## Task details
Copy, word for word, the lines below from the one containing "Himalaya Clear Complexion" up to and including the one containing "Durante la entrevista", with pictures left out.
*** Data to use
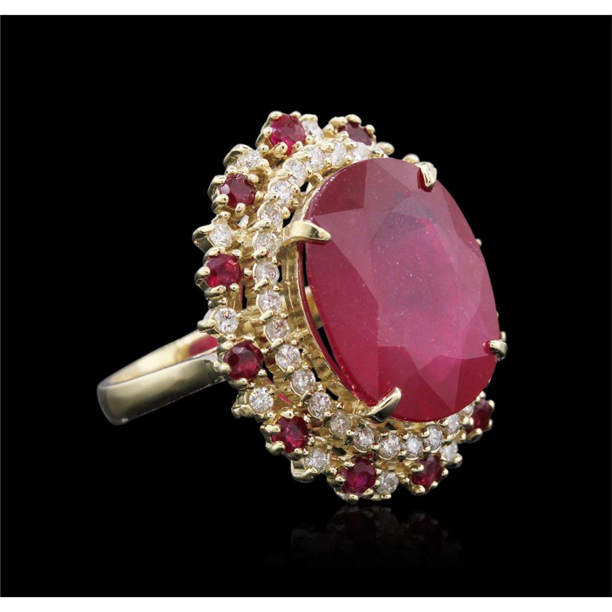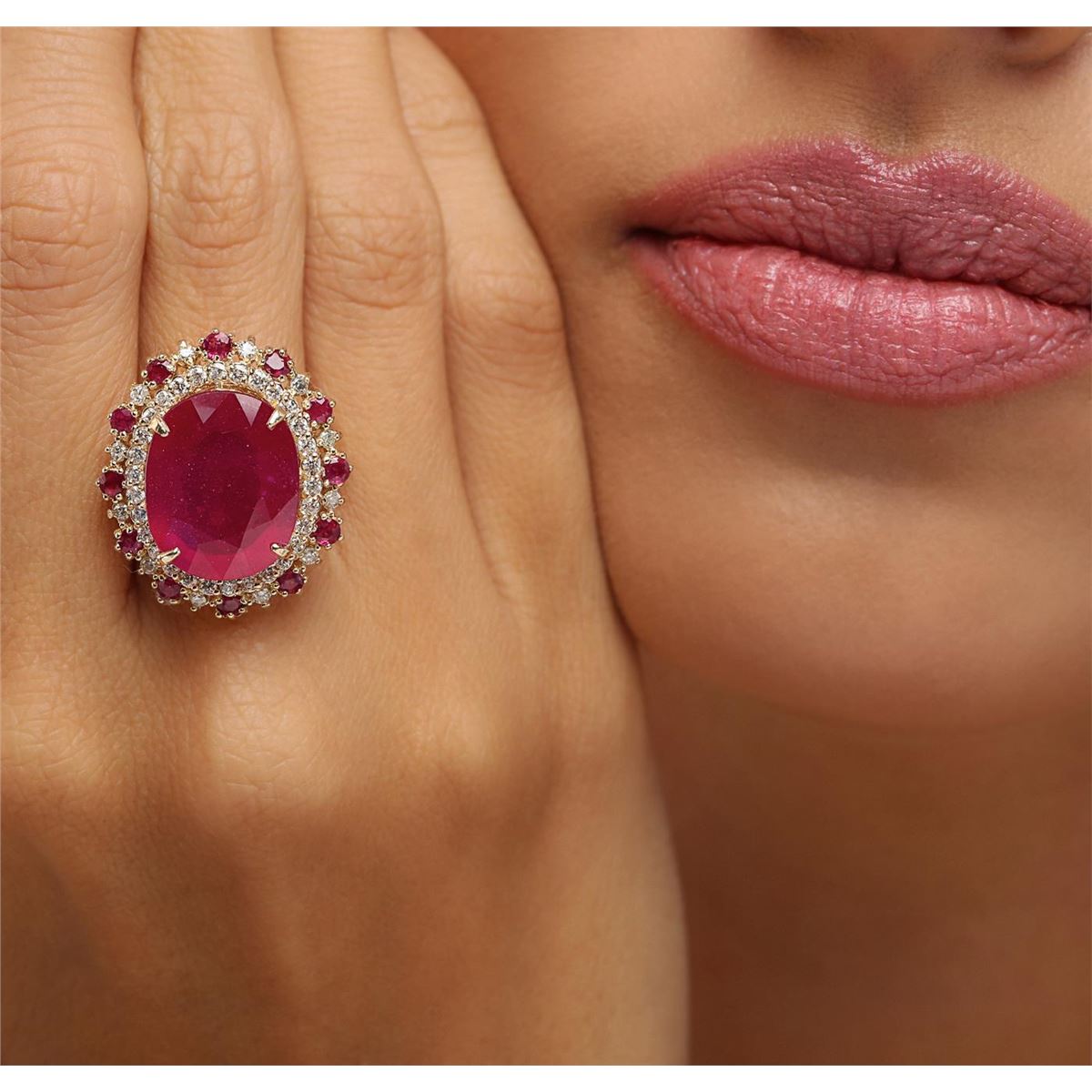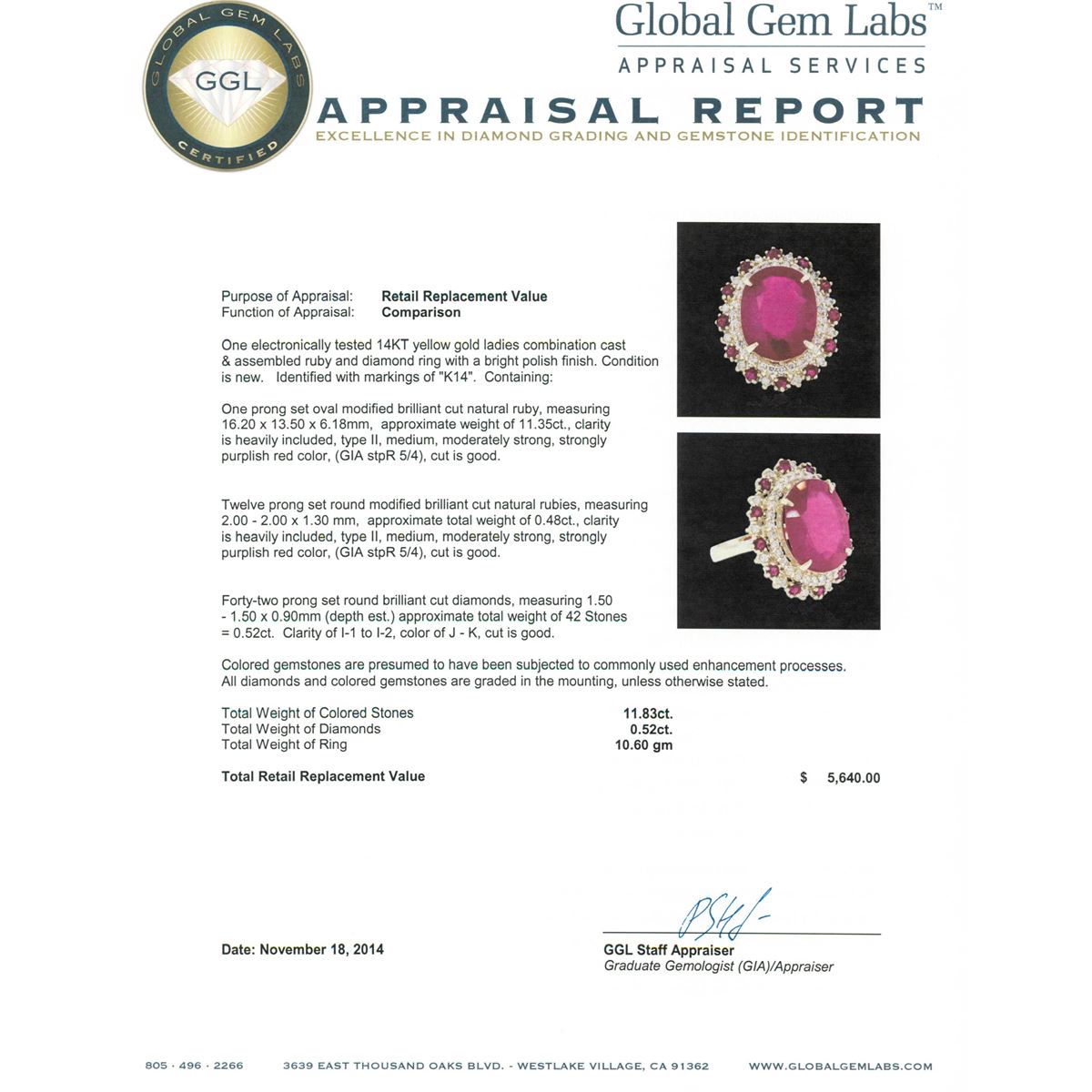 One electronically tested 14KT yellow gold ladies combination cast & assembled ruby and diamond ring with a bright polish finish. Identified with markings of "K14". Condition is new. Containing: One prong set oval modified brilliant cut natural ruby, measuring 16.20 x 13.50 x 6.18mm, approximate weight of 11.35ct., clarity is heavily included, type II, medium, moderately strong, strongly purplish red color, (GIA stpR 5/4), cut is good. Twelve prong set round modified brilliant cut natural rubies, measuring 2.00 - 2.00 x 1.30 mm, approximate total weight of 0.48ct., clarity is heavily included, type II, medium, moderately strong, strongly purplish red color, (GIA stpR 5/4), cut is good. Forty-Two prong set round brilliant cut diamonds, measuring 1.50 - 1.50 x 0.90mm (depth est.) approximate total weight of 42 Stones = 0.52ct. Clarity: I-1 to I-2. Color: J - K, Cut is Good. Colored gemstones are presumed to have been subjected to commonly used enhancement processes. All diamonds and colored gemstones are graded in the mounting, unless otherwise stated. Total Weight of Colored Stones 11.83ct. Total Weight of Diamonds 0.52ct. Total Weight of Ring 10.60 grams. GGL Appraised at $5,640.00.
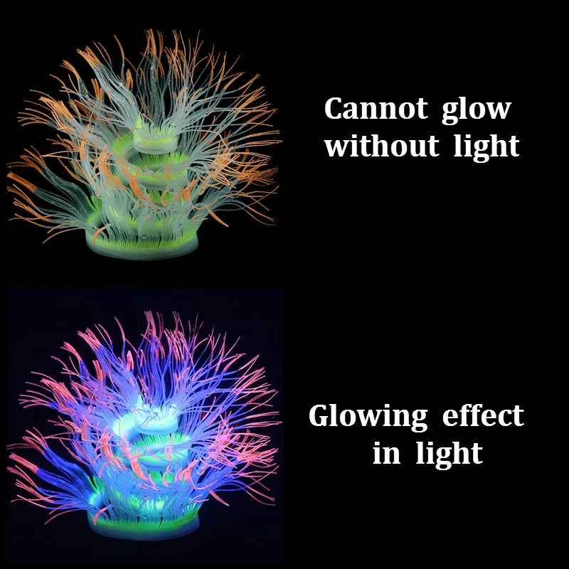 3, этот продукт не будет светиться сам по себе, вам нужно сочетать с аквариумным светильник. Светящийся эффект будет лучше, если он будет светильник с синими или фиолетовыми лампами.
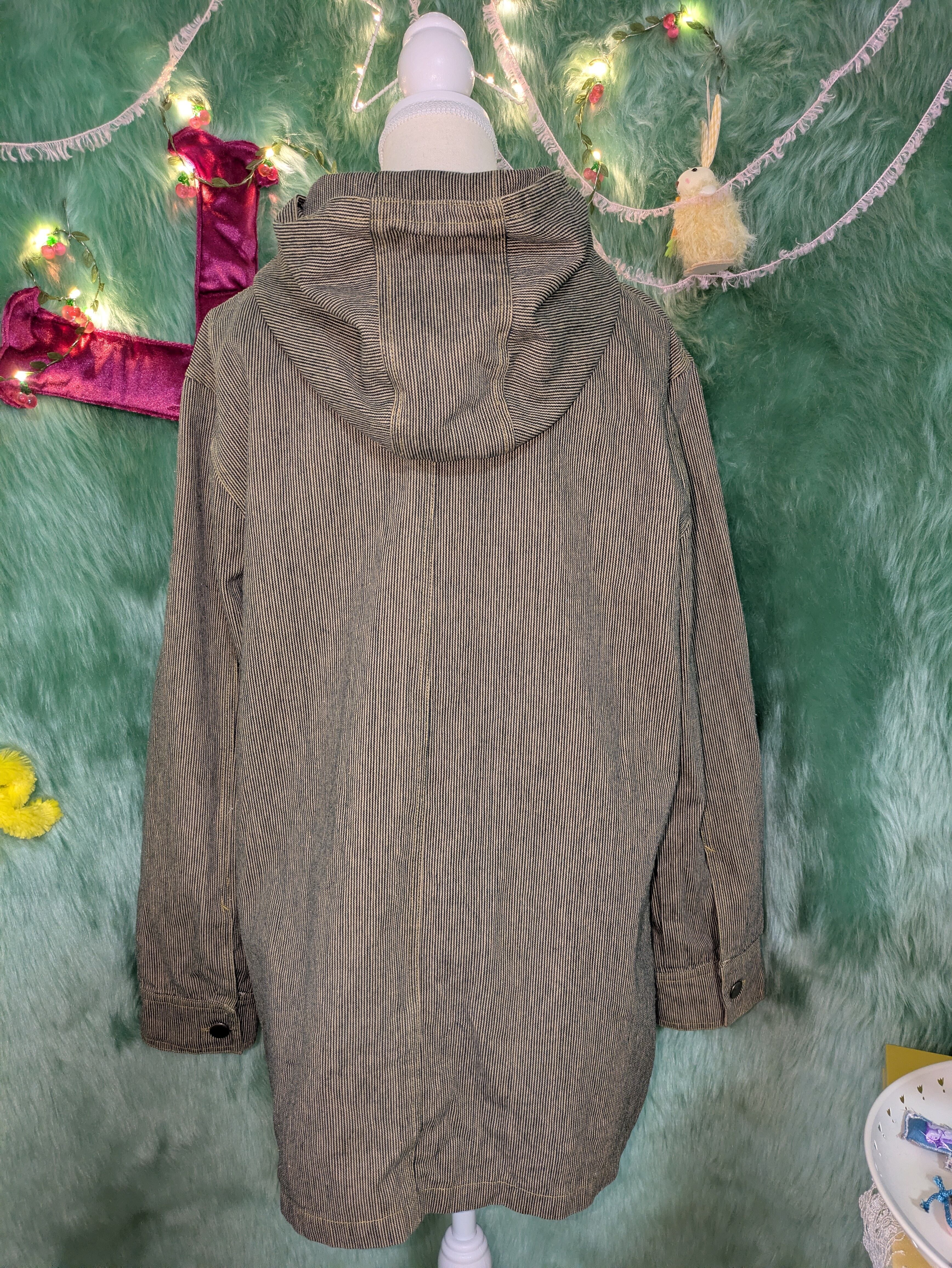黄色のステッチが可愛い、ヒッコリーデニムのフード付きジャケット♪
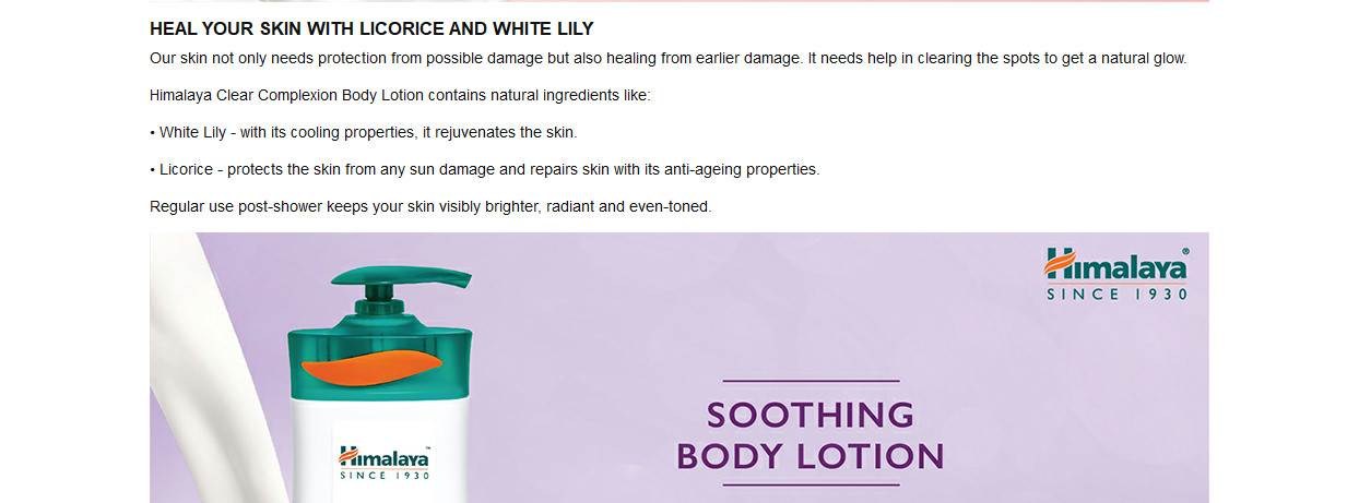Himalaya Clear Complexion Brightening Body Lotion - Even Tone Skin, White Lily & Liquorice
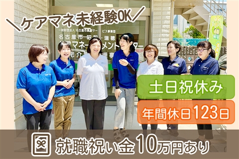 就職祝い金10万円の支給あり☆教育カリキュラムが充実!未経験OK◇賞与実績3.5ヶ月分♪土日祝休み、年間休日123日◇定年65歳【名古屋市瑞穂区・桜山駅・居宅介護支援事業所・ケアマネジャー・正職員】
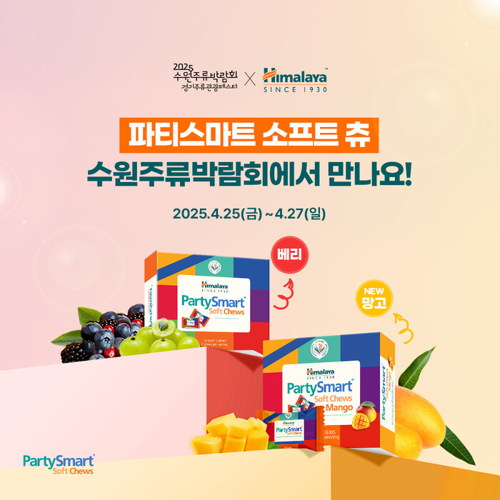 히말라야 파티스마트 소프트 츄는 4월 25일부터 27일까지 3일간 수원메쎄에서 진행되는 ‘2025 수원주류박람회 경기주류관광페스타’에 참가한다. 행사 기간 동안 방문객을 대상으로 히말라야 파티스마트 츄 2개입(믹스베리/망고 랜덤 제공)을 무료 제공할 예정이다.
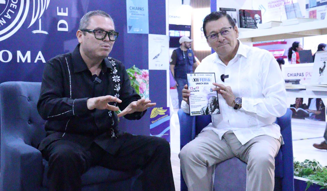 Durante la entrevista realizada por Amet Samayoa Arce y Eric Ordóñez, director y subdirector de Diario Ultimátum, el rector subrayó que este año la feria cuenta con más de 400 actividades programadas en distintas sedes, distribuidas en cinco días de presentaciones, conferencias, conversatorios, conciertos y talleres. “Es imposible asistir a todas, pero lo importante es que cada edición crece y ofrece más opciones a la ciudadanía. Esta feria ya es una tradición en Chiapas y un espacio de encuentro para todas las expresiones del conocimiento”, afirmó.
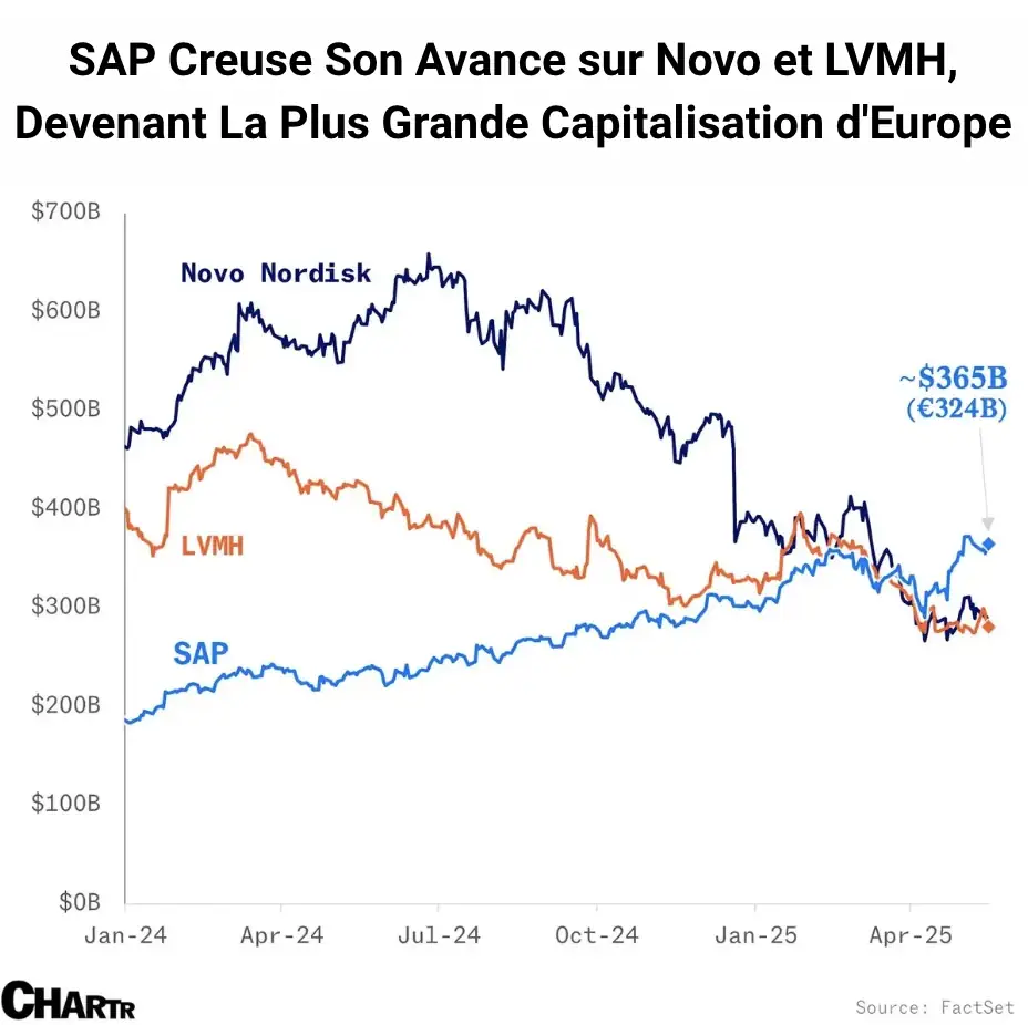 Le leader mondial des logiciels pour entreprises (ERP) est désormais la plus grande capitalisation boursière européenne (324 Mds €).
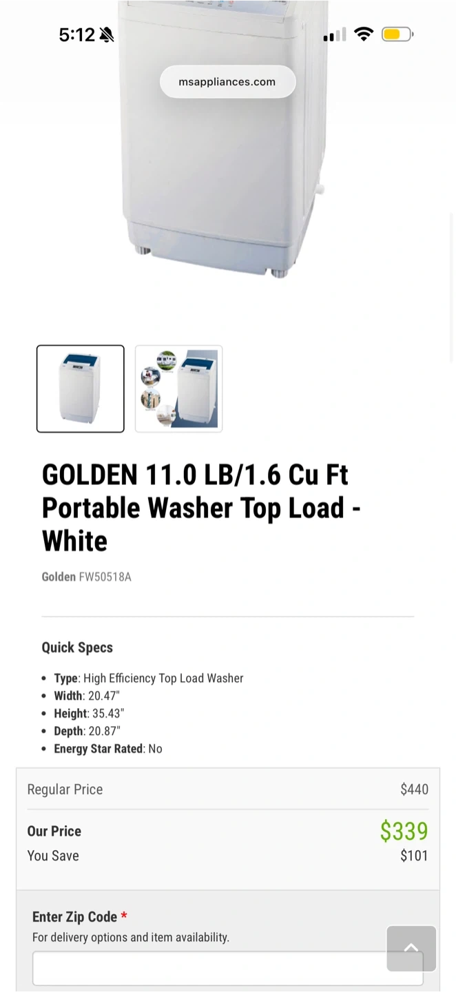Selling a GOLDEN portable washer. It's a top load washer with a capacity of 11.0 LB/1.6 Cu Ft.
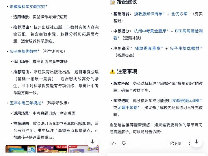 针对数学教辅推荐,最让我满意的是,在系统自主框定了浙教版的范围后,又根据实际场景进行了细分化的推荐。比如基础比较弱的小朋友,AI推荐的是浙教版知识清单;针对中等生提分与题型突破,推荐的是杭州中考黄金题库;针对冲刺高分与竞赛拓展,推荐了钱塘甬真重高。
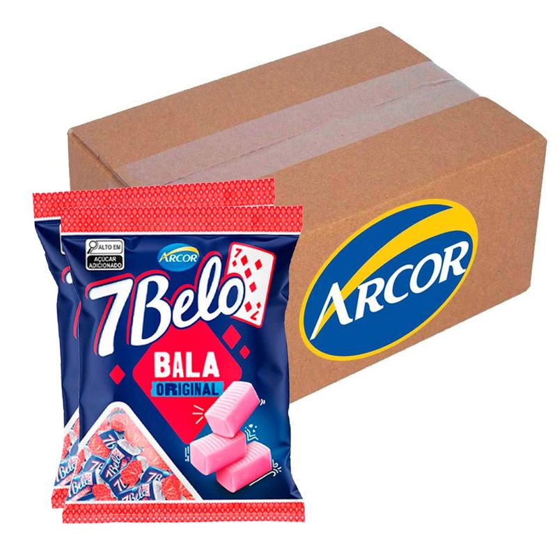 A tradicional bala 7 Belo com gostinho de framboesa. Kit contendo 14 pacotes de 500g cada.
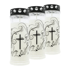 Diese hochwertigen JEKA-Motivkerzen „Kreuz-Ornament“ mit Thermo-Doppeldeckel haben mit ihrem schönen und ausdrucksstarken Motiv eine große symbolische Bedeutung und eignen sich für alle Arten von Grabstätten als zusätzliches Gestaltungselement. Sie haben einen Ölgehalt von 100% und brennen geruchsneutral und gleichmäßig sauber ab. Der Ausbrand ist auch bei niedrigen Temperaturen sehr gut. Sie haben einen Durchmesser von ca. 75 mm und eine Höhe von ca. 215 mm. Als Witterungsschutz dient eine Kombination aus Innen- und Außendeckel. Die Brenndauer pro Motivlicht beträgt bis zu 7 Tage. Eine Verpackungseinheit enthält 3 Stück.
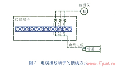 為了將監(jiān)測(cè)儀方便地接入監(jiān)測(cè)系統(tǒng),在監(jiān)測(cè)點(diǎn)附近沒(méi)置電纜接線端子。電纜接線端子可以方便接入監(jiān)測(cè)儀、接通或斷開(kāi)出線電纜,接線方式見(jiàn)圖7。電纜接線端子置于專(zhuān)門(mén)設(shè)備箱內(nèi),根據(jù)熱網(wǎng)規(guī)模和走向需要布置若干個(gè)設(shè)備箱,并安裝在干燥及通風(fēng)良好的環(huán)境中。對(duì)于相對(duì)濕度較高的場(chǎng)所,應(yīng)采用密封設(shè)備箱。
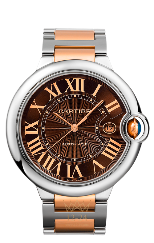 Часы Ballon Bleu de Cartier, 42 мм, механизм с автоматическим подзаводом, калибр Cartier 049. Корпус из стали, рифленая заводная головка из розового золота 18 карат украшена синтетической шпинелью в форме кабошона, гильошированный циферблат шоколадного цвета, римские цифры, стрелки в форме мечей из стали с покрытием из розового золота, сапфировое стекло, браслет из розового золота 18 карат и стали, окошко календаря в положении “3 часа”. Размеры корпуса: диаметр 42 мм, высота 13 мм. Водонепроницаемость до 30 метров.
******
## Reply
Himalaya Clear Complexion Brightening Body Lotion - Even Tone Skin, White Lily & Liquorice
 就職祝い金10万円の支給あり☆教育カリキュラムが充実!未経験OK◇賞与実績3.5ヶ月分♪土日祝休み、年間休日123日◇定年65歳【名古屋市瑞穂区・桜山駅・居宅介護支援事業所・ケアマネジャー・正職員】
 히말라야 파티스마트 소프트 츄는 4월 25일부터 27일까지 3일간 수원메쎄에서 진행되는 ‘2025 수원주류박람회 경기주류관광페스타’에 참가한다. 행사 기간 동안 방문객을 대상으로 히말라야 파티스마트 츄 2개입(믹스베리/망고 랜덤 제공)을 무료 제공할 예정이다.
 Durante la entrevista realizada por Amet Samayoa Arce y Eric Ordóñez, director y subdirector de Diario Ultimátum, el rector subrayó que este año la feria cuenta con más de 400 actividades programadas en distintas sedes, distribuidas en cinco días de presentaciones, conferencias, conversatorios, conciertos y talleres. “Es imposible asistir a todas, pero lo importante es que cada edición crece y ofrece más opciones a la ciudadanía. Esta feria ya es una tradición en Chiapas y un espacio de encuentro para todas las expresiones del conocimiento”, afirmó.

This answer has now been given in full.